**Try it:**
Retype every entry below without pictures.

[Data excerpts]

☆ ☆ ☆

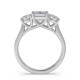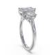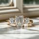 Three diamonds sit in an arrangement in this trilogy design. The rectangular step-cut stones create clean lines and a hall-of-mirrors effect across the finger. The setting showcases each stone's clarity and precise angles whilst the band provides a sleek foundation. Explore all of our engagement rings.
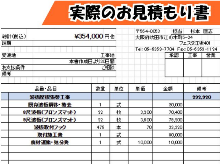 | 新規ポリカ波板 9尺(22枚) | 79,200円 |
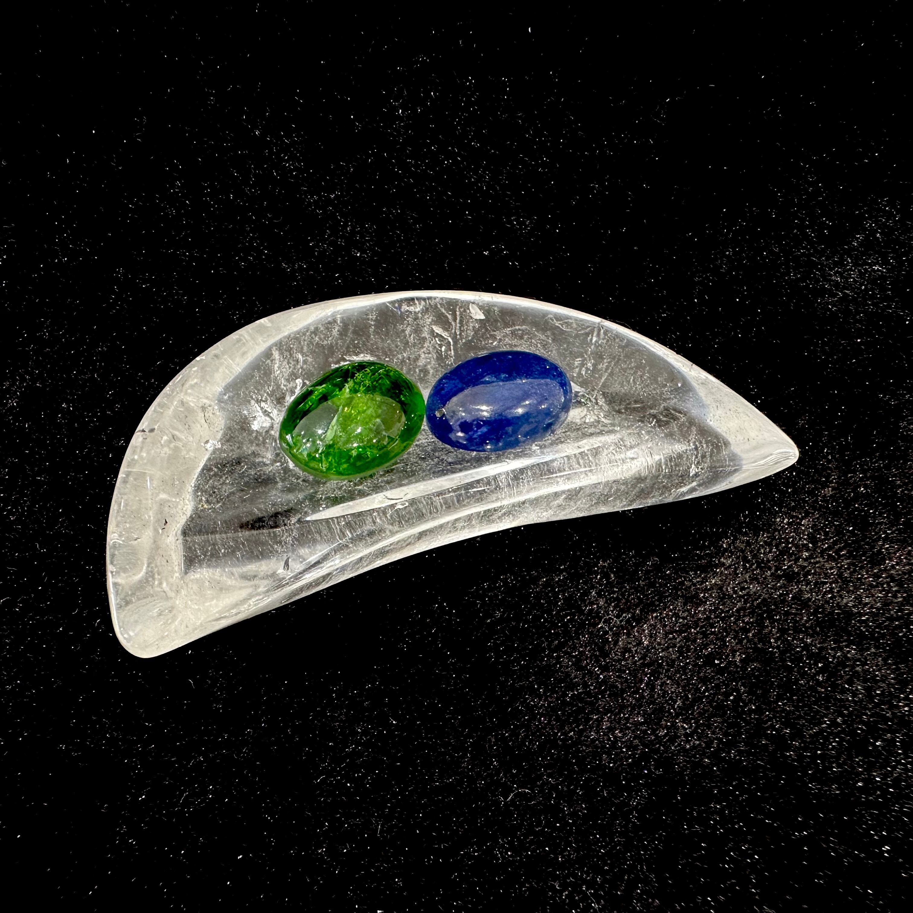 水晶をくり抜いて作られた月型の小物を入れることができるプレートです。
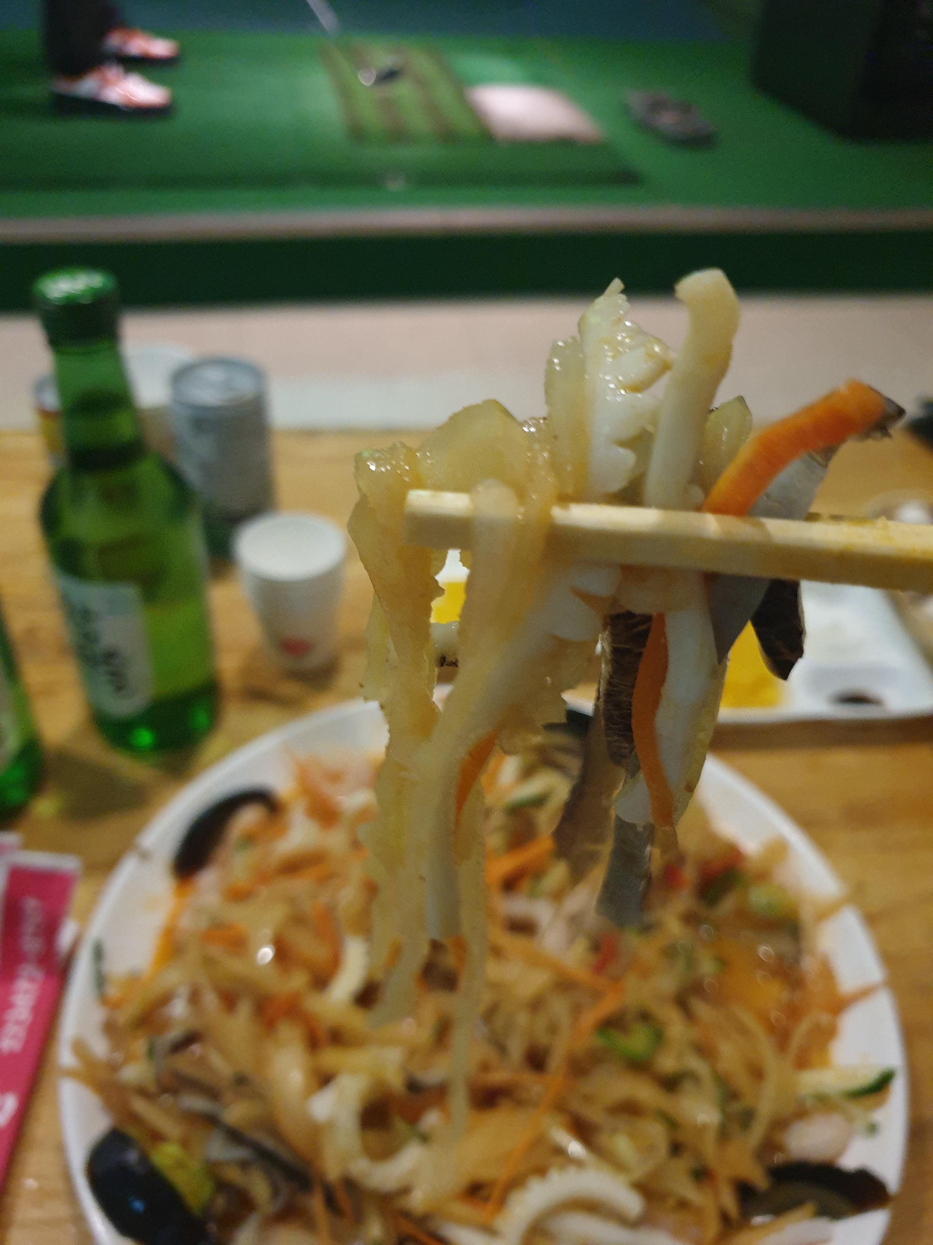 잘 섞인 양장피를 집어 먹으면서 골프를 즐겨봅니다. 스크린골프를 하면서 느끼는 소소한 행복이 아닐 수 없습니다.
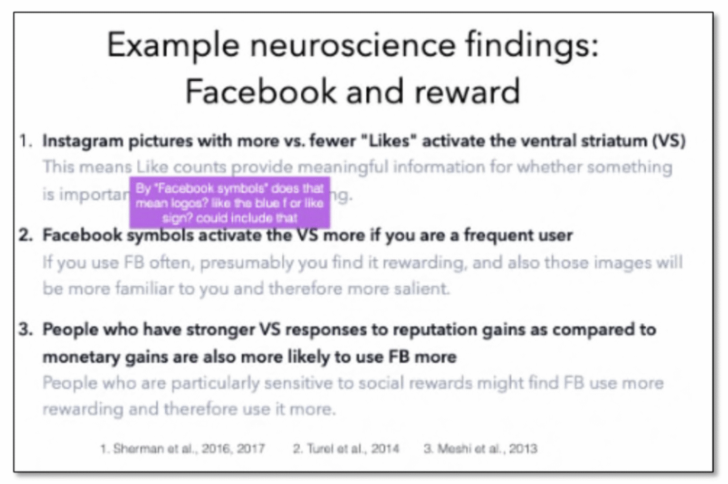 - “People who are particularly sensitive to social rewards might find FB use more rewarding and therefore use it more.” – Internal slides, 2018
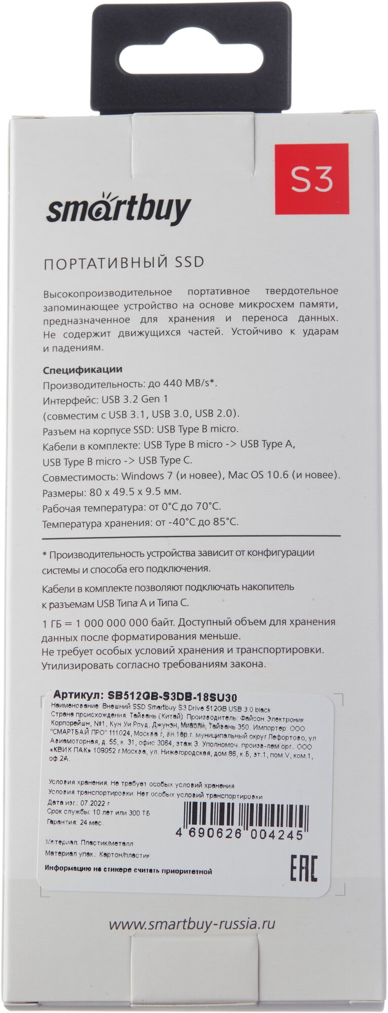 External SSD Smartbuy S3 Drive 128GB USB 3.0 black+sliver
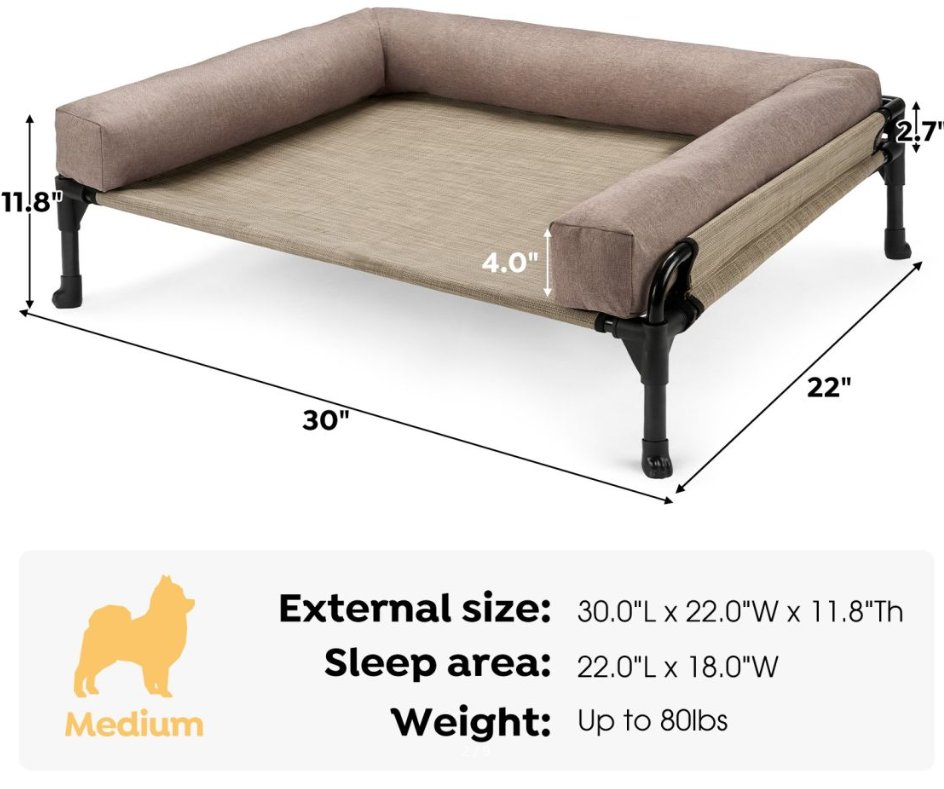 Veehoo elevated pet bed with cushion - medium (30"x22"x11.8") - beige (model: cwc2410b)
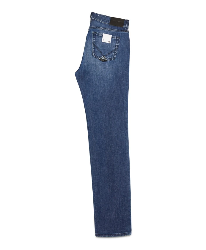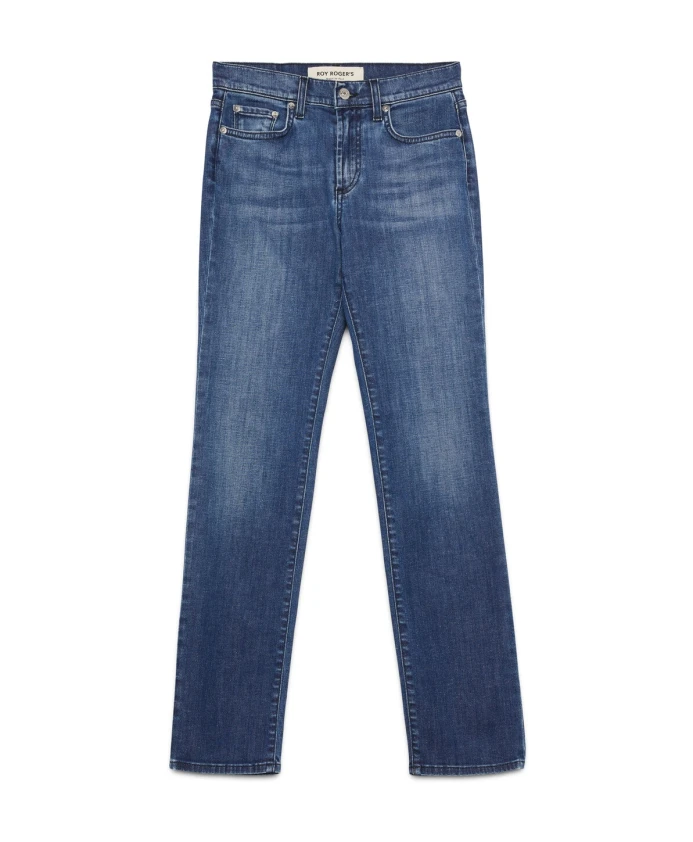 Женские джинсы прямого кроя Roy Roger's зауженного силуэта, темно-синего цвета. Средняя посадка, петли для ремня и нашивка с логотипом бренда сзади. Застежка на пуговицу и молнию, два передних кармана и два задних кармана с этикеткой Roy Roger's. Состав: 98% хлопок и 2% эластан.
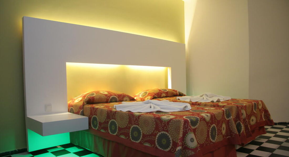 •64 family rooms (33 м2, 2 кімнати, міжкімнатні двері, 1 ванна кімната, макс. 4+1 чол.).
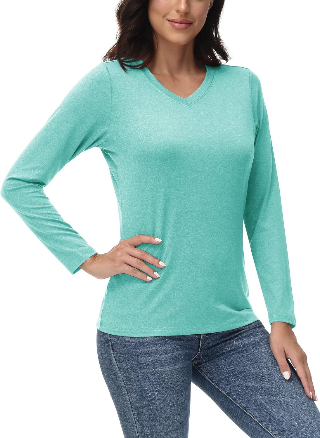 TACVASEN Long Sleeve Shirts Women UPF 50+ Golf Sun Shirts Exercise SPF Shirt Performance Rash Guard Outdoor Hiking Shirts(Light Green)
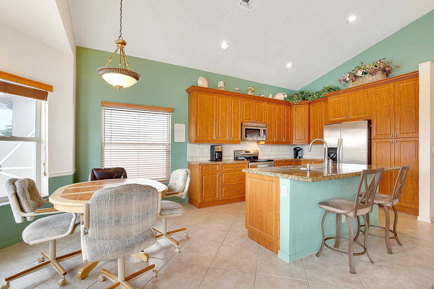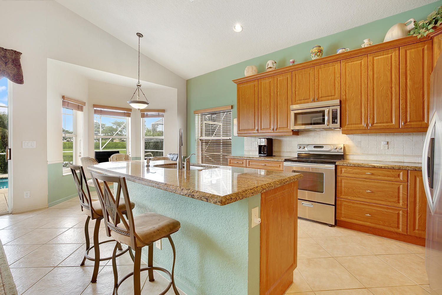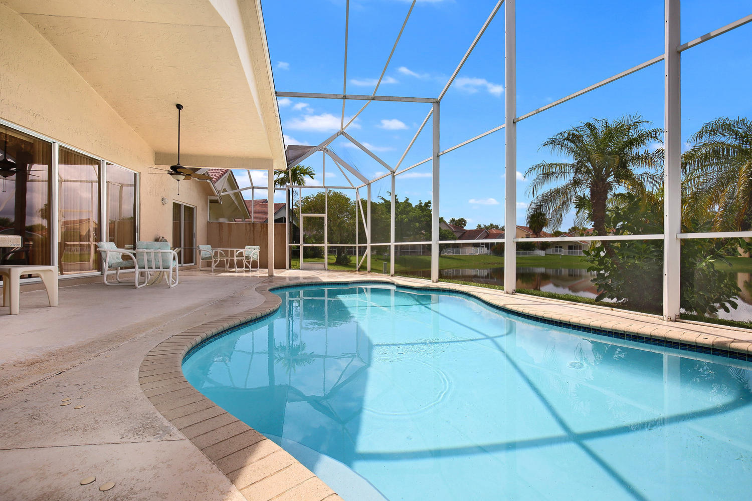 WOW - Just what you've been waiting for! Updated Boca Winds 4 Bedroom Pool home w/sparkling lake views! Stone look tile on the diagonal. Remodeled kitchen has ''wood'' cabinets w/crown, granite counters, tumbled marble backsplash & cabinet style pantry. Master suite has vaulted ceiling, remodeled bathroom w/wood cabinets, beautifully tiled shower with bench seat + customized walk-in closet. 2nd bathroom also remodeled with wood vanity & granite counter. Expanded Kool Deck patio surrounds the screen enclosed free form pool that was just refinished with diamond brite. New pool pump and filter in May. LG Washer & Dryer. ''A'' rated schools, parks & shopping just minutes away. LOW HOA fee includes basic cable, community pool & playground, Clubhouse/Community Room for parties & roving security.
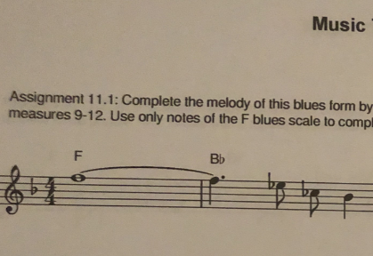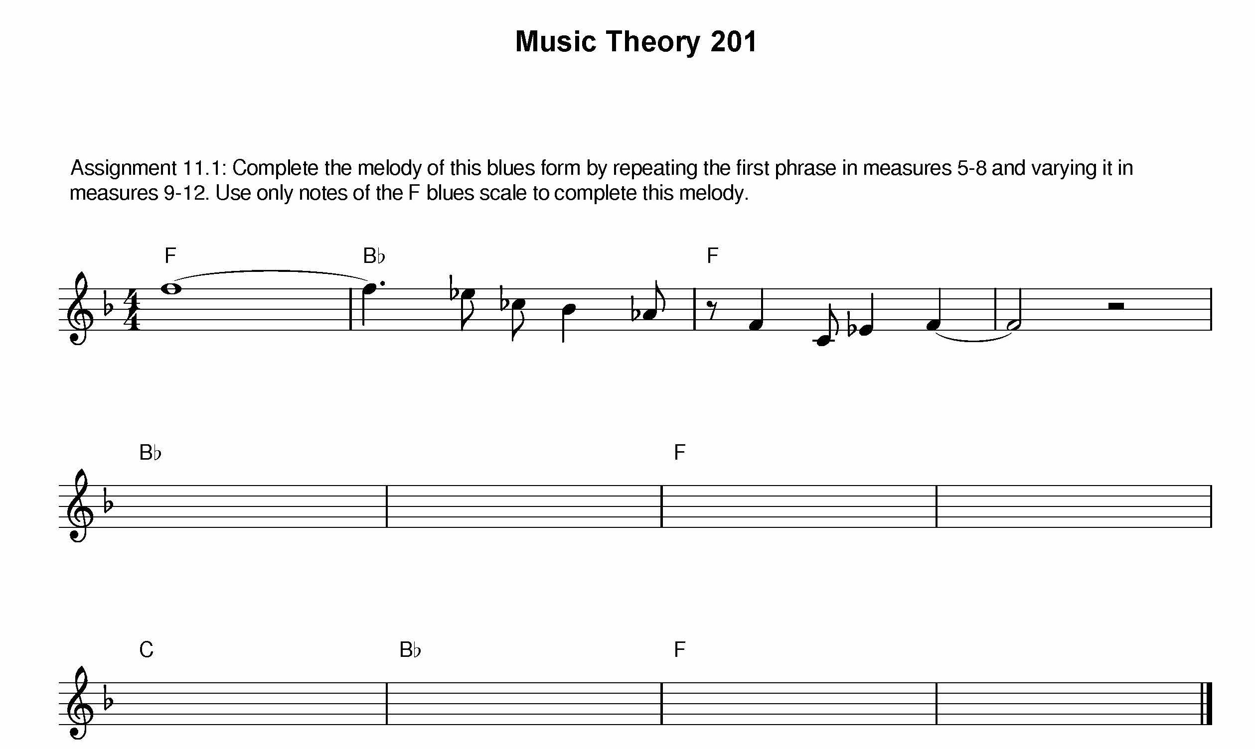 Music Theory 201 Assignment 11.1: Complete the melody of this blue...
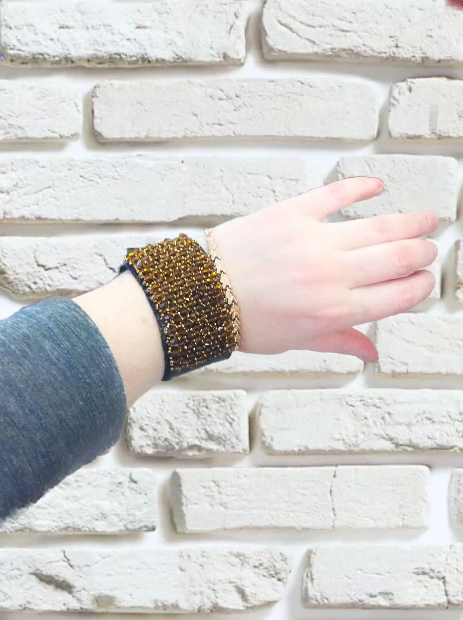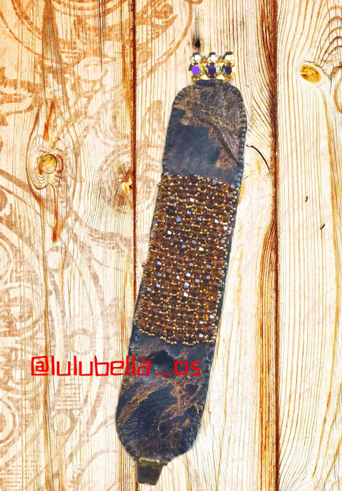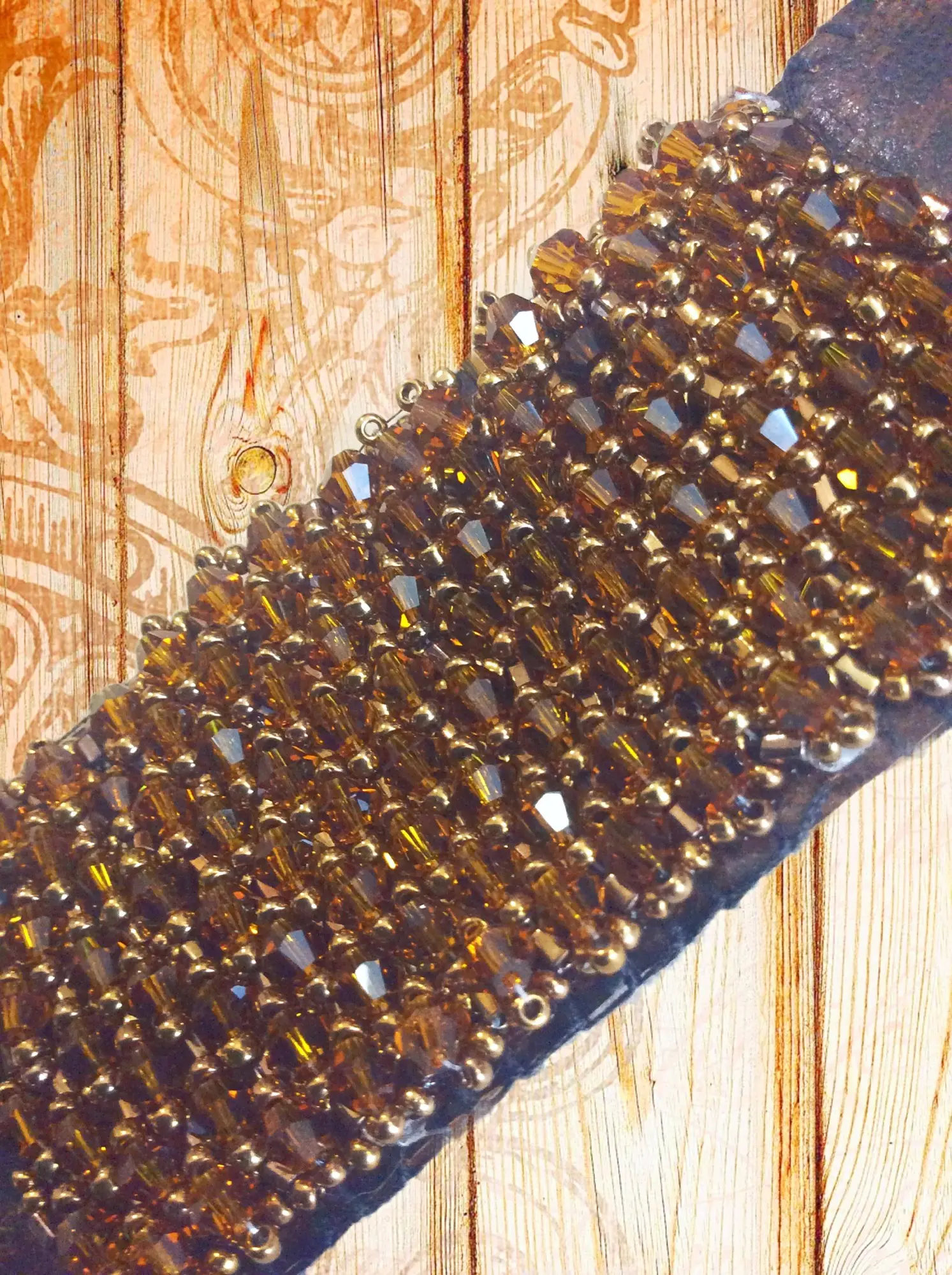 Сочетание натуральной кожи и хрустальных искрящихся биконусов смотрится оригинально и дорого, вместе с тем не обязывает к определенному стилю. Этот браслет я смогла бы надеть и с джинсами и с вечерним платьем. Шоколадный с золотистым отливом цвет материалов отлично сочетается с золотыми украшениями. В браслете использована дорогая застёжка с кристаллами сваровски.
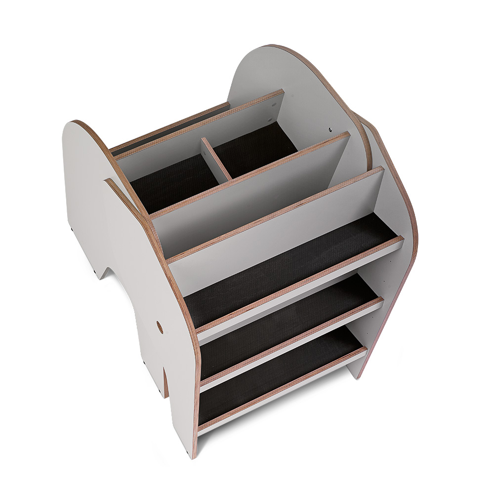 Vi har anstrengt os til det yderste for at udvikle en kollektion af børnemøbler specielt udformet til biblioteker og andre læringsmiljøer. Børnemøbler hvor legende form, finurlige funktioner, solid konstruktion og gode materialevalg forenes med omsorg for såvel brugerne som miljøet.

☆ ☆ ☆

**Answer to this problem:**
 Three diamonds sit in an arrangement in this trilogy design. The rectangular step-cut stones create clean lines and a hall-of-mirrors effect across the finger. The setting showcases each stone's clarity and precise angles whilst the band provides a sleek foundation. Explore all of our engagement rings.
 | 新規ポリカ波板 9尺(22枚) | 79,200円 |
 水晶をくり抜いて作られた月型の小物を入れることができるプレートです。
 잘 섞인 양장피를 집어 먹으면서 골프를 즐겨봅니다. 스크린골프를 하면서 느끼는 소소한 행복이 아닐 수 없습니다.
 - “People who are particularly sensitive to social rewards might find FB use more rewarding and therefore use it more.” – Internal slides, 2018
 External SSD Smartbuy S3 Drive 128GB USB 3.0 black+sliver
 Veehoo elevated pet bed with cushion - medium (30"x22"x11.8") - beige (model: cwc2410b)
 Женские джинсы прямого кроя Roy Roger's зауженного силуэта, темно-синего цвета. Средняя посадка, петли для ремня и нашивка с логотипом бренда сзади. Застежка на пуговицу и молнию, два передних кармана и два задних кармана с этикеткой Roy Roger's. Состав: 98% хлопок и 2% эластан.
 •64 family rooms (33 м2, 2 кімнати, міжкімнатні двері, 1 ванна кімната, макс. 4+1 чол.).
 TACVASEN Long Sleeve Shirts Women UPF 50+ Golf Sun Shirts Exercise SPF Shirt Performance Rash Guard Outdoor Hiking Shirts(Light Green)
 WOW - Just what you've been waiting for! Updated Boca Winds 4 Bedroom Pool home w/sparkling lake views! Stone look tile on the diagonal. Remodeled kitchen has ''wood'' cabinets w/crown, granite counters, tumbled marble backsplash & cabinet style pantry. Master suite has vaulted ceiling, remodeled bathroom w/wood cabinets, beautifully tiled shower with bench seat + customized walk-in closet. 2nd bathroom also remodeled with wood vanity & granite counter. Expanded Kool Deck patio surrounds the screen enclosed free form pool that was just refinished with diamond brite. New pool pump and filter in May. LG Washer & Dryer. ''A'' rated schools, parks & shopping just minutes away. LOW HOA fee includes basic cable, community pool & playground, Clubhouse/Community Room for parties & roving security.
 Music Theory 201 Assignment 11.1: Complete the melody of this blue...
 Сочетание натуральной кожи и хрустальных искрящихся биконусов смотрится оригинально и дорого, вместе с тем не обязывает к определенному стилю. Этот браслет я смогла бы надеть и с джинсами и с вечерним платьем. Шоколадный с золотистым отливом цвет материалов отлично сочетается с золотыми украшениями. В браслете использована дорогая застёжка с кристаллами сваровски.
 Vi har anstrengt os til det yderste for at udvikle en kollektion af børnemøbler specielt udformet til biblioteker og andre læringsmiljøer. Børnemøbler hvor legende form, finurlige funktioner, solid konstruktion og gode materialevalg forenes med omsorg for såvel brugerne som miljøet.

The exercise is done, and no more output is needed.